Emmanuel, qui finissait de sécher ses vêtements, me raconte qu’à des milliers de kilomètres de chez moi, dans un pays appelé l’Australie dont je vous parlais dans une précédente lettre… :

… Existe un animal parmi les plus étranges connus des humains ; l’échidné :

Il a comme moi, une sorte de trompe, est tout poilu, pond des œufs et ses petits des premiers jours vivent dans sa poche ventrale comme les kangourous.

Oulalala, alors là, en voici une créature étonnante ; mère Nature, vous êtes sacrément espiègle.

Ah mes chers enfants, que je suis heureuse de découvrir tant de ramifications du vivant ; plus existe la diversité, plus nous en sommes inspirés et motivés pour inventer l’inconcevable, trouver des solutions auxquelles on n’aurait pas pensé et qui solutionne des problèmes a priori inextricables :

Vive la fantaisie de la nature, vive l’imagination 😊

Je vous embrasse très fort,

A lundi,

Shila

Lettre de Shila : “Ces racines qui nous régalent”

Chers enfants,

Je sais que vous adorez manger les frites, et que les carottes, les betteraves rouges, les radis et les oignons, tout comme les pommes de terre, … agrémentent vos repas à Boulogne.

Beaucoup des légumes racines que vous trouvez sur le marché de Boulogne, vous pouvez les trouver également sur le marché de Kurichithanam.

Les légumes racines sont cultivés pour leur parties souterraines comestibles : racines, tubercules, ryzomes ou bulbes.

Les oignons sont incontournables dans chaque cuisine indienne… S’ils viennent à manquer chez nous, c’est très difficile à vivre.

Je veux aujourd’hui vous parler des racines qui sont cultivés tout autour de chez moi, par Joy, mon voisin de Kudakkachira, ces racines qui sont toujours un véritable régal pour les convives, au moment du petit-déjeuner.

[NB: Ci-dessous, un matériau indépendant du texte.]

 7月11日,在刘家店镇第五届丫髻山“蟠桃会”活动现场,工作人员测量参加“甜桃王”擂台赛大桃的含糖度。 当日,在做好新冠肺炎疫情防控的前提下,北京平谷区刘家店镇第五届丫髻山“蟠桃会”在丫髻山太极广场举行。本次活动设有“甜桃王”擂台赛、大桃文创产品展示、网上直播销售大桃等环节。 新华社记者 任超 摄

Le plus gros des légumes racines est l’igname pied d’éléphant, appelé “chena” en malayalam, la langue de chez moi. En anglais il est nommé “elephant foot yam”. Ce légume racine peut peser plus de trente kilos !! Pas très lourd pour un pied d’éléphant !!

Ses bienfaits sont nombreux, mon cher Henri m’a envoyé pour vous un article qui les énumèrent.

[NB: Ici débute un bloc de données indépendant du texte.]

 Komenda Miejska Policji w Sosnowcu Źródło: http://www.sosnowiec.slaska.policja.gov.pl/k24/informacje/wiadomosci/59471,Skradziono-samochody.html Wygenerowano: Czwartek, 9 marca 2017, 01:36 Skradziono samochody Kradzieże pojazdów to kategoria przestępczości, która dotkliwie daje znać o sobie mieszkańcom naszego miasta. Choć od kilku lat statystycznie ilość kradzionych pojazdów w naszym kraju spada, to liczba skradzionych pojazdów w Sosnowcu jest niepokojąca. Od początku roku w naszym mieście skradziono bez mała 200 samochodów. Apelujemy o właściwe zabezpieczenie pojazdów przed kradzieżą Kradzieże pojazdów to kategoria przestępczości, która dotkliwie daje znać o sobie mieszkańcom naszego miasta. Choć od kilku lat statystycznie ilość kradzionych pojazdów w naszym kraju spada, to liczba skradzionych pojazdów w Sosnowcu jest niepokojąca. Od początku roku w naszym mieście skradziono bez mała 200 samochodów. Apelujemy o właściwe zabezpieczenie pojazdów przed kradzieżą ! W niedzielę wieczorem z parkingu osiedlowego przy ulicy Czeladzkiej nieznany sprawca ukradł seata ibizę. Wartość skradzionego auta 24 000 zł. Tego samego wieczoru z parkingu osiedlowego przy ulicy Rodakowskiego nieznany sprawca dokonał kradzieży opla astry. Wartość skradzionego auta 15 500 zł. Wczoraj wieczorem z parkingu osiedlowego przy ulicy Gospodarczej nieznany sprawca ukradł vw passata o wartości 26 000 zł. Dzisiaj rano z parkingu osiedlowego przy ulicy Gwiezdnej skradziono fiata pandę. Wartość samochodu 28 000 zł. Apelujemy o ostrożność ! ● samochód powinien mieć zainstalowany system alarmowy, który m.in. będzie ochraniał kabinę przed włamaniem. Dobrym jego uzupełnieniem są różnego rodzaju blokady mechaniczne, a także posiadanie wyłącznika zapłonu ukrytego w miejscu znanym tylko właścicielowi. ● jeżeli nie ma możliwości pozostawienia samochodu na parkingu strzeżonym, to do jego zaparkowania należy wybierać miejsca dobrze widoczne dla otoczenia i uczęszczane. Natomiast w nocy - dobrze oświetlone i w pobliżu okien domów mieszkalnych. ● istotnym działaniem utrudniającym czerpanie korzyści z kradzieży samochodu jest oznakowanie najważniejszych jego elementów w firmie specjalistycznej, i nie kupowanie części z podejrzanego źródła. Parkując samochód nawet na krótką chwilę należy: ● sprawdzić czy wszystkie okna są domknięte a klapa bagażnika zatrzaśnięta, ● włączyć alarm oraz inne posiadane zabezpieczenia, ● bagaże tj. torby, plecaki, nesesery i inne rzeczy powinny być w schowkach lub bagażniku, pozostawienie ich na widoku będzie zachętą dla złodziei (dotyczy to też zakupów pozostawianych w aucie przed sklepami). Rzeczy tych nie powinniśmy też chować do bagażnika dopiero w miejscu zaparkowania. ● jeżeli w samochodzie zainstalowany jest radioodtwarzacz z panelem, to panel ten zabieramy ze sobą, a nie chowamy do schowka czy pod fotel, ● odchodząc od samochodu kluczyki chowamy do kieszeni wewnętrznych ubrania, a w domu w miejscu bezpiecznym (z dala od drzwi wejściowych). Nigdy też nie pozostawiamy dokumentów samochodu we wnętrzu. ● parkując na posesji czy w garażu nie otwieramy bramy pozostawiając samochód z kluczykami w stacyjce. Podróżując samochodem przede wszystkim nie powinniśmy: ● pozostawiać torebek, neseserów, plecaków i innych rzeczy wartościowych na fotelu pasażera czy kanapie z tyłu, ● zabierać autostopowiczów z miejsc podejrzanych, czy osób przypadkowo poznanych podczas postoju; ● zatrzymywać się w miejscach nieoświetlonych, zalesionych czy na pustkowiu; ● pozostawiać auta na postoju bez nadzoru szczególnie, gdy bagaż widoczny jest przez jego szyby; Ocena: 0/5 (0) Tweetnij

L’autre légume racine qui fait le bonheur des convives est le manioc, “kappa” en malayalam. Autant vous dire que c’est le petit déjeuner préféré de mon ami Henri : le “pacha kappa mulaku”, c’est-à-dire le manioc frais (bouilli à l’eau) avec du piment vert mixé à l’échalote et un peu d’huile de coco !! C’est un vrai bonheur, je vous joins la recette :

Joy cultive également deux autres plantes dont les racines sont utilisées pour la cuisine mais aussi pour la médecine ayurvédique : le curcuma et le gingembre. Leur feuillage est très vert, cela fait un très beau décor devant la maison de mes voisins.

Le curcuma,

മഞ്ഞളും      

maññaḷ, en malayalam, est très utilisé dans toutes les cuisines du Kerala. Cette racine jaune orangée a une cotte énorme, elle apporte la couleur aux plats, même si elle n’a pas de goût prononcé. On lui prête des vertus importantes, elle permet de lutter contre les maladies des articulations et d’avoir des vertus anticancéreuses.

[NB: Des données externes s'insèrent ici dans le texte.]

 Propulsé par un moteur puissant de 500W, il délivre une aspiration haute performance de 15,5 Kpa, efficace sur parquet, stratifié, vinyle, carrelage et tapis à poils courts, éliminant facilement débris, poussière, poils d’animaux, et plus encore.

Joy a le mérite de faire de la culture biologique, ce qui fait que les racines sont de qualité.

Un très bel article a été fait par le petit journal de Chennai, petit frère du journal de Bombay, avec qui nous avons le bonheur d’échanger dans un partenariat très amical. Annick Jourdaine présente le curcuma avec beaucoup de précision.

Le gingembre, inchi en malayalam, (ce qui signifie racine), comme le curcuma, est reconnu pour ses vertus culinaires et ses vertus médicinales. On lui prête également des vertus énergisantes, quoi qu’il en soit, il fait partie intégrale de la cuisine au Kerala et personne ne se plaint du goût et de la qualité de cette cuisine. On en redemande.

Chers enfants, voilà que je vous invite à cultiver votre jardin en pensant à toutes ces plantes dont les racines sont pleines de saveurs.